9 You arranged for Beatrice to have the pregnancy terminated. You and Linda accompanied her to the clinic and to her consultations with the medical staff there. You told a false story in her presence about who was responsible for the pregnancy and Beatrice did not contradict you.
10 Not long after the termination, you discovered that Beatrice had told Linda that you had been sexually abusing her and were responsible for the pregnancy. You discovered that Linda in turn had told other family members and members of the community. You were enraged. You confronted Beatrice one day when she came home from school and berated her for telling Linda and traducing your reputation within the family and the community. A measure of the power that you had over her is that she, poor child that she then was, apologised to you for telling the truth and promised that she would not tell anyone again what you had been doing to her. You then said that, as she had told Linda that you had raped her, you would rape her for real. You exposed your erect penis, grabbed her and pulled down her underwear. She struggled, resisted and tried to run away. You chased her and she fell, hurting her ankle and, so, rendered unable to escape. You dragged her away from where she fell but did not then proceed to rape her, as you had threatened. It is that conduct, the exposing of your penis in the context of a threat to rape Beatrice for telling Linda that you had been sexually abusing her since she was a child in Africa and had been responsible for the pregnancy, which constitutes Charge 1, the charge of indecent act with or in the presence of a child under 16, of which you were found guilty.
11 At trial, Beatrice, when describing this incident, said that, in the course of the attack, she had felt your penis and it was hard. A vigorous challenge to her credibility was mounted on the basis that she had not previously referred to feeling or having touched your penis. On the plea, Mr Pearson submitted that I should not take into account, as a sentencing fact, that there was actual penile contact. First, because I should not be satisfied beyond reasonable doubt that it had occurred, and second, because to do so would amount to sentencing for a more serious offence than that charged.
12 So far as the first reason is concerned, I accept Beatrice’s explanation for not previously mentioning this detail as plausible, not only because she was a credible witness, but it is also consistent with the research about the manner in which victims of long-term childhood sexual abuse reveal details of the abuse. I am satisfied beyond reasonable doubt that there was actual physical contact with your exposed penis in the course of the attack. Given that the jury was satisfied of your guilt on Charge 1, Beatrice’s credibility in respect of it was clearly not undermined by the fact that she had not previously included that detail when asked to give an account of it.

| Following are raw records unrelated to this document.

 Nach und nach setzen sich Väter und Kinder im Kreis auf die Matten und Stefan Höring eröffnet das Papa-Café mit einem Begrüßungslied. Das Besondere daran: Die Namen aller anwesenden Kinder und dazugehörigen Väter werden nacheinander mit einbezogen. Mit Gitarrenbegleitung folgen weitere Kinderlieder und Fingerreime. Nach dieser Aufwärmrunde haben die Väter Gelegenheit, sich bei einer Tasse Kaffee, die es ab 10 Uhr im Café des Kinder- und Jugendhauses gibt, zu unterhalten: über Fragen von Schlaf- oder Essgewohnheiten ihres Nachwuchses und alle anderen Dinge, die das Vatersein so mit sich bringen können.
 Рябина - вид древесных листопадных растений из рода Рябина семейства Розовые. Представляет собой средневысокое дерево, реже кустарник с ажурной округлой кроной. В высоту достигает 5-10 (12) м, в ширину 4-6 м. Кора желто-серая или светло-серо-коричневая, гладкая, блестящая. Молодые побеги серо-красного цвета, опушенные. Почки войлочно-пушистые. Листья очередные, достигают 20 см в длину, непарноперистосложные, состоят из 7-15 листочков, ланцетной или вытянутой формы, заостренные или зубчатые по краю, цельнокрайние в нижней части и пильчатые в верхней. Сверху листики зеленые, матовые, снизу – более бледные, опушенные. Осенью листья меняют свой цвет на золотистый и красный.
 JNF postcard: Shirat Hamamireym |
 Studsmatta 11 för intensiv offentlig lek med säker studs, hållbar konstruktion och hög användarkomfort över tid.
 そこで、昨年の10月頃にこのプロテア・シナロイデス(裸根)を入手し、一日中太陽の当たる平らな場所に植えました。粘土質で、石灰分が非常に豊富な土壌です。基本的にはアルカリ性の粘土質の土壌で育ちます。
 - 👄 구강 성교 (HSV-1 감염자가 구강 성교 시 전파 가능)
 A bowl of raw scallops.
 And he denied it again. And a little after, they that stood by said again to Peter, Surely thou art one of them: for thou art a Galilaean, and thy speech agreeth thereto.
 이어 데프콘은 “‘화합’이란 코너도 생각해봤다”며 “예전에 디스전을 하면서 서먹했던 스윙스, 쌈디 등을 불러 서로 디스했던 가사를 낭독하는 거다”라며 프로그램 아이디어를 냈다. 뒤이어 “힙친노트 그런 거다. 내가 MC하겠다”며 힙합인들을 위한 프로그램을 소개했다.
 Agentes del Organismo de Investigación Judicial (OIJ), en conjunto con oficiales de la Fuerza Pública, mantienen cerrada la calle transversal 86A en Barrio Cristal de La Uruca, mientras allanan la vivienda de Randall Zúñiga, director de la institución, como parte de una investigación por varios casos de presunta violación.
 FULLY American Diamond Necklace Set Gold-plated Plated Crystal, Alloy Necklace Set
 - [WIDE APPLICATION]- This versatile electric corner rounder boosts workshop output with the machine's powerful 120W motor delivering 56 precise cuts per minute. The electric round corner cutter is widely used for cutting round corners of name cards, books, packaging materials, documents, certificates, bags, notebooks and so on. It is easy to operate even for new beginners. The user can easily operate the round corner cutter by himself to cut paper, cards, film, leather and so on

13 So far as the second basis for Mr Pearson's submission that I should not take it into account as a sentencing fact is concerned, I am, as I have already said, mindful that I must sentence for the offences of which you have been found guilty and nothing else. Charge 1 is an offence of indecent act, not one of attempted rape, or any other offence. Mr Pearson submitted that, had there been a touching alleged in the course of the indecent act, that would have constituted a charge of indecent assault not one of indecent act. That is not correct. The offence of indecent act with or in the presence of a child under 16 (the offence charged here) replaced the offences of indecent assault of a person under 16 and gross indecency from 5 August 1991, that is well before 2008, the date of this offence. The offence of indecent act with or in the presence of a child under 16 remained an offence until it was in turn replaced with the offence of sexual assault of a child under 16 from 1 July 2017.
14 So, regardless of whether your penis was simply exposed or whether there was actual physical contact between your penis and your daughter in the course of the attack and the threat that you were making to rape her, it would still constitute a charge of indecent act with or in the presence of a child under 16.
15 As I said to Mr Pearson in the course of the plea, it was my preliminary view that the serious aggravating circumstances of the offence were the threat to rape Beatrice as a punishment for disclosing your sexual abuse of her and for disclosing that you were the person responsible for her pregnancy and the evidence of the surrounding circumstances, namely exposing your penis, grabbing her and pulling down her pants, ignoring her pleas not to rape her, chasing her as she tried to escape and dragging her back to the living room from the kitchen after she had fallen, which made this a serious, indeed grave example of the offence of indecent act with or in the presence of a child under 16.
16 Whether, in the course of the attack, Beatrice actually touched your exposed penis which you were threatening to rape her with is of little moment. I do not consider the fact that she felt your exposed penis in the course of the attack further aggravates what is already, on my finding, a grave example of this offence.
17 Having invited Mr Pearson to respond to this preliminary view, he did not press the point, acknowledging the seriousness of the aggravating features that I had identified. He conceded it was open to me, on the evidence, and the verdict, to make those findings and, apart from his submission that I should not be satisfied beyond reasonable doubt there was an actual touching, did not submit that I should not make those other findings or that there were alternative characterisations of the offending open to me.
18 I sentence you on Charge 1, therefore, on the basis that the indecent act is a serious, indeed grave example of the offence of indecent act. It occurred in the context of a terrifying and cruel attack. That it was perpetrated by a father who was punishing his daughter, the daughter he had been sexually abusing for a considerable period, the daughter who he had impregnated and who had just had a termination as a result, a daughter who told, not a lie, but the truth about what had been happening to her, provides the context and calls for denunciation and deterrence to be given significant weight.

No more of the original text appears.